* _Material shown_:
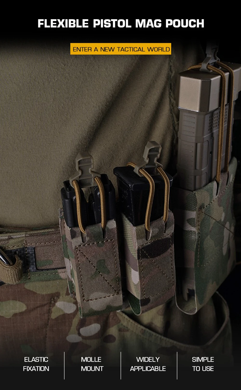 Bolsa táctica para pistola de 9mm, individual G17/19 M9, bolsa para cargador rápido Airsoft para tiro, linterna de caza MOLLE, equipo con funda para cuchillo
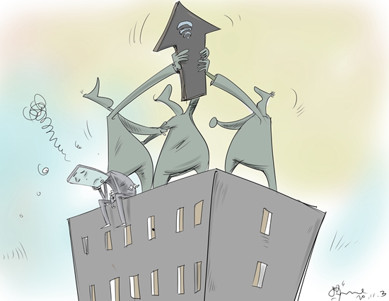 商务楼宇宽带费用昂贵,企业、租户高呼“用不起”。物业、开发商和二级运营商合伙制造垄断,宽带用户“爱买不买”毫无选择权。设施老旧网速慢,理论带宽只是“看上去很美”。最近,工业和信息化部等五部门印发《关于开展商务楼宇宽带接入市场联合整治行动的通告》,有望打破商务楼宇宽带网络业务垄断格局,为用户享受提速降费政策红利打通“最后一公里”。(《人民日报海外版》11月3日)漫画:徐简
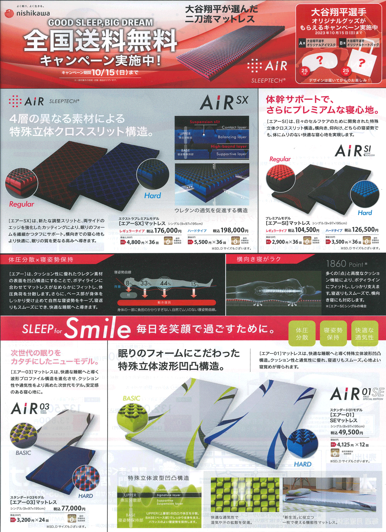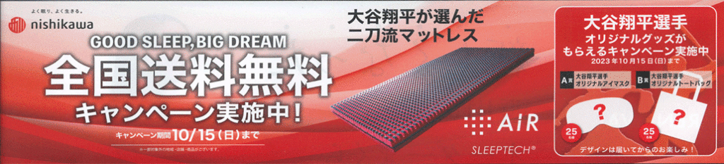 あの大谷選手も使用している健康マットレス”西川AiR”の全国無料配送キャンペーン開催中です。
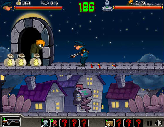本版本为 警察大战僵尸中文版无敌版,被打也会掉血,但是基本上可以无限金钱,金钱修改50000,可以购买所有的武器。
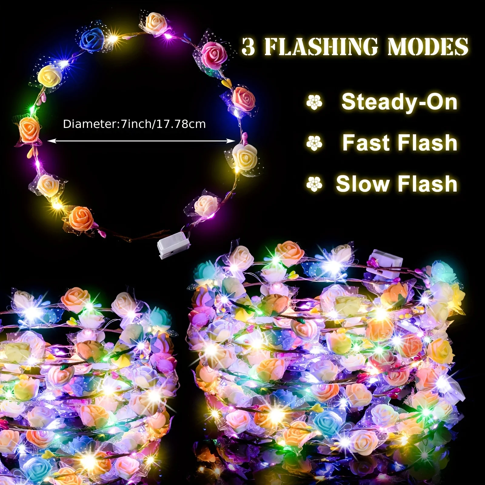 10pcs LED Flower Wreath Headband Multicolor Light Up Headband Lighted Head Band Glow Wreath for Wedding Party Christmas Garlan
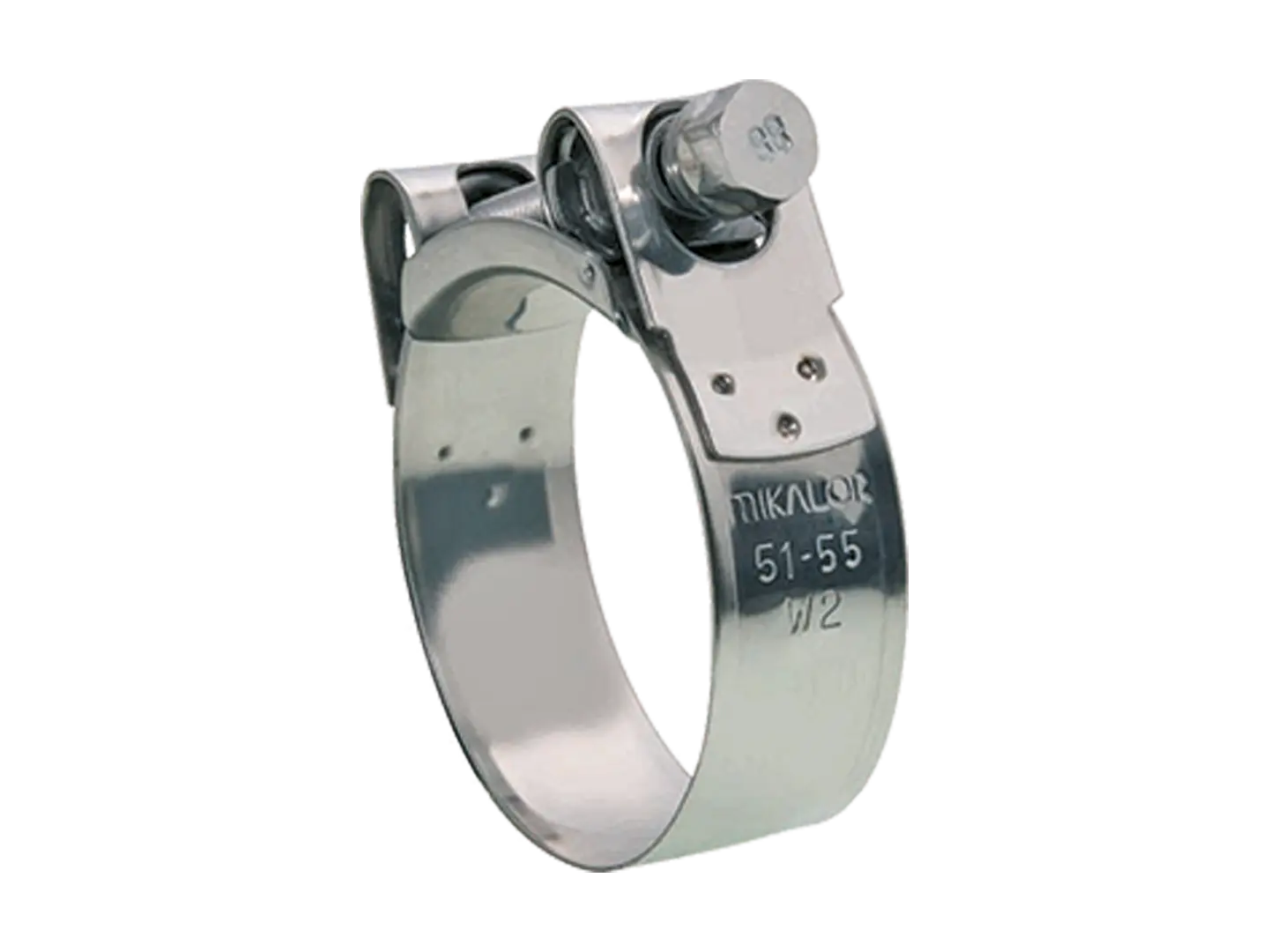 DescriptionProduct featuresBand and housing: stainless steel X6Cr17 (1.4016 / AISI-430) Screw: steel 8.8 zinc plated Nut: steel class 8 zinc platedVariants

* _Action item_:
Copy the listing above exactly, but only from the line with "商务楼宇宽带费用昂贵,企业、" through the line with "あの大谷選手も使用している健", including those two lines and excluding any picture.

* _Task solution_:
 商务楼宇宽带费用昂贵,企业、租户高呼“用不起”。物业、开发商和二级运营商合伙制造垄断,宽带用户“爱买不买”毫无选择权。设施老旧网速慢,理论带宽只是“看上去很美”。最近,工业和信息化部等五部门印发《关于开展商务楼宇宽带接入市场联合整治行动的通告》,有望打破商务楼宇宽带网络业务垄断格局,为用户享受提速降费政策红利打通“最后一公里”。(《人民日报海外版》11月3日)漫画:徐简
 あの大谷選手も使用している健康マットレス”西川AiR”の全国無料配送キャンペーン開催中です。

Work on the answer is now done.